HRM used the two variables \(z_L, z_H\) in the name of “hierarchy”, but TRM offers a more straightforward explanation.
- \(z_H\) (= TRM’s \(y\)) is in fact the “current solution” itself and can be decoded with the output head and argmax
- \(z_L\) (= TRM’s \(z\)) is a latent feature that has no meaning when decoded, and is reflected into the solution only through \(f_H\)
Paper Figure 5 shows examples in which a trained HRM’s \(z_L\) and \(z_H\) are each argmax-decoded on Sudoku: \(z_H\) matches the correct grid, while \(z_L\) is just a meaningless string of digits. This visually backs up the claim. Under this view, the “one \(y\) and one \(z\)” construction is not about hierarchy but a simple division of labor in which the current answer and the workspace used to reach it are kept separately.
The paper further runs ablations that split \(z\) into \(n+1\) multi-scale pieces (77.6 %) and that drop \(z\) to a single feature (71.9 %), and confirms that both fall short of the two-variable construction (87.4 %).
flowchart TB
subgraph HRM["<b>HRM</b> (27M params, depth/sup=24)"]
direction LR
H1["f_I<br/>(input enc)"] --> H2["f_L<br/>4-layer TF<br/>(low-level)"]
H2 -.->|n times no-grad| H2
H2 --> H3["f_H<br/>4-layer TF<br/>(high-level)"]
H3 --> H4["f_O<br/>(output head)"]
H5["1-step gradient<br/>(only last f_L, f_H)"]
end
subgraph TRM["<b>TRM</b> (7M params, depth/sup=42)"]
direction LR
T1["embed(x)"] --> T2["net<br/>2-layer TF<br/>(shared)"]
T2 -->|update z<br/>n times| T2
T2 --> T3["net<br/>refine y"]
T3 --> T4["output head"]
T5["full BPTT<br/>(entire n+1 recursions)"]
end
The TRM pseudocode is as follows. Compared with the HRM pseudocode, three things stand out: (i) \(f_L\) and \(f_H\) are unified into a single net, (ii) the full recursion runs outside the with torch.no_grad() block and the 1-step gradient is gone, and (iii) the ACT continue loss is gone and the halting head is simplified to a single BCE.
def latent_recursion(x, y, z, n=6):
for i in range(n):
z = net(x, y, z) # latent reasoning update
y = net(y, z) # refine output answer
return y, z
def deep_recursion(x, y, z, n=6, T=3):
with torch.no_grad():
for j in range(T - 1):
y, z = latent_recursion(x, y, z, n)
y, z = latent_recursion(x, y, z, n)
return (y.detach(), z.detach()), output_head(y), Q_head(y)
for x_input, y_true in train_dataloader:
y, z = y_init, z_init
for step in range(N_supervision):
x = input_embedding(x_input)
(y, z), y_hat, q_hat = deep_recursion(x, y, z)
loss = softmax_cross_entropy(y_hat, y_true)
loss += binary_cross_entropy(q_hat, (y_hat == y_true))

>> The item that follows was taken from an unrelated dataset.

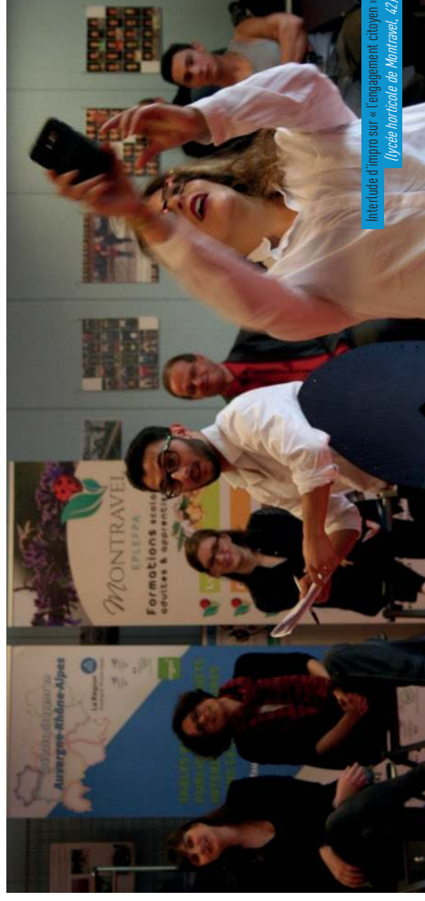
Interlude d'impro sur « l'engagement citoyen » (Lycée Hortale de Montravel, 42).

loss.backward(); opt.step(); opt.zero_grad()
if q_hat > 0:
breakTraining Details
Training uses AdamW (\(\beta_1=0.9, \beta_2=0.95\)) with batch size 768, hidden size 512, and \(N_\text{sup}=16\). EMA is set to 0.999, and as the ablation in the paper shows, performance drops to 79.9 % without EMA (discussed later). Sudoku-Extreme and Maze-Hard are trained for 60K epochs and ARC-AGI for 100K epochs. Data augmentation follows the HRM setup: 1000 shufflings for Sudoku, and 1000 combinations of color permutation, dihedral, and translation for ARC. On ARC, each input puzzle has its own dedicated embedding, and at test time the most frequent prediction across 1000 augmentations is taken, which is a transductive setup inherited from HRM.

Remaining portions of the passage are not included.